Baptism is everything. It means that not only is God wherever His baptized people are, because He refuses to be apart from His Name, but that on the last day, everyone who is called by His Name He will gather. Created, made, formed, redeemed, called, gathered. This is the work of God in Jesus Christ, the Beloved. No matter where, north, south, east, west, dead, or alive, Jesus will gather His baptized people. He knows every single one to whom He has given His Name. He knows those who are His, and His own know Him.

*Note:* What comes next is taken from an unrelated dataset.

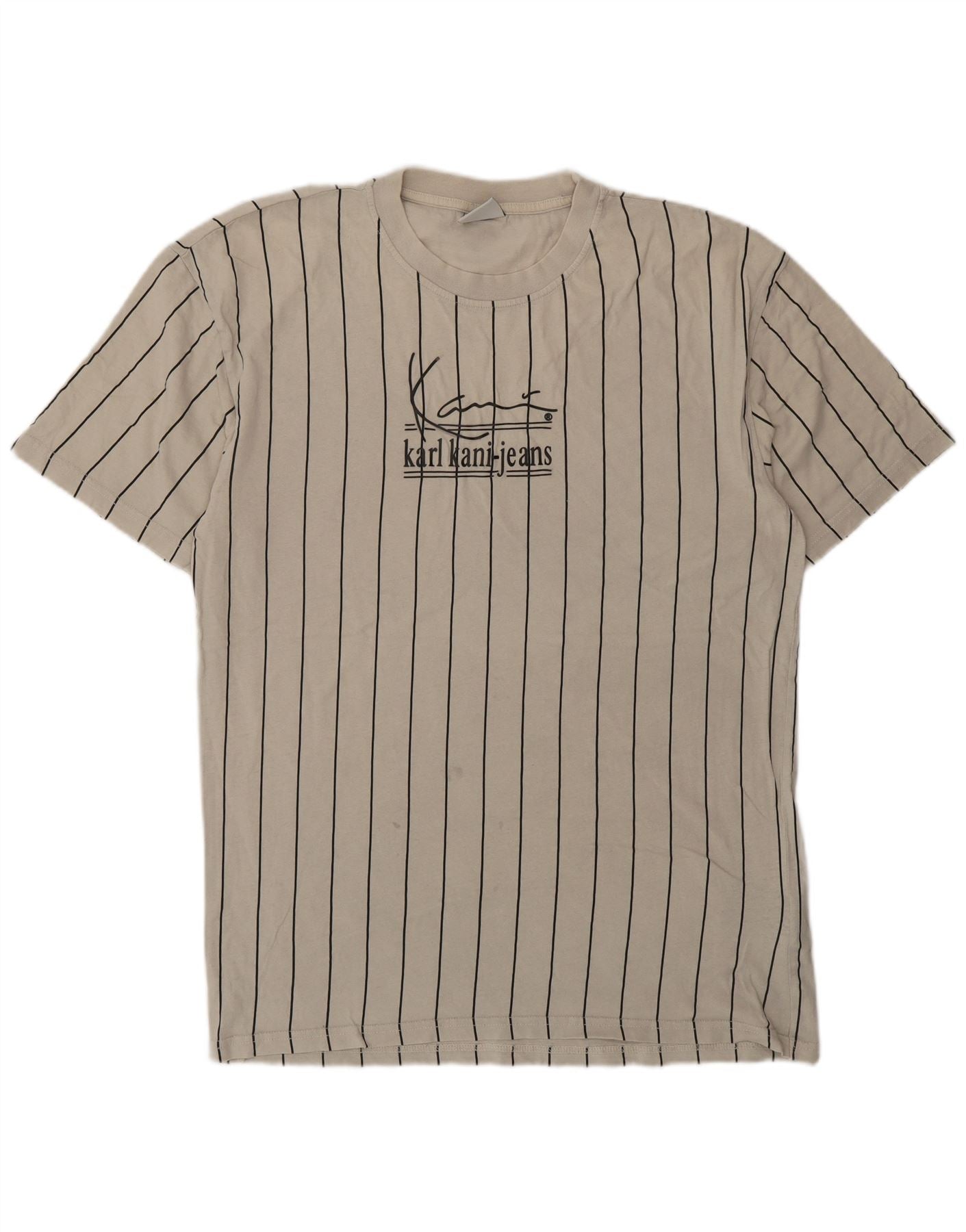KARL KANI Camiseta gráfica para hombre Top pequeño de algodón a rayas beige

The most important day in your life is the day He put His Name on you, because it means that even when your physical life ends in this creation, it will be given back to you in the new creation. Your baptism isn’t only about your soul; it is about your body too, just as Jesus was baptized, died, and raised in His body. Whatever happens this year: water, fire, joy, grief, you are baptized into the Name of the risen Lord, and nothing can change that.
In the Name of the Father and of the Son and of the Holy Spirit. Amen. “And the peace of God, which surpasses all understanding, will guard your hearts and your minds in Christ Jesus,” (Philippians 4:7, ESV).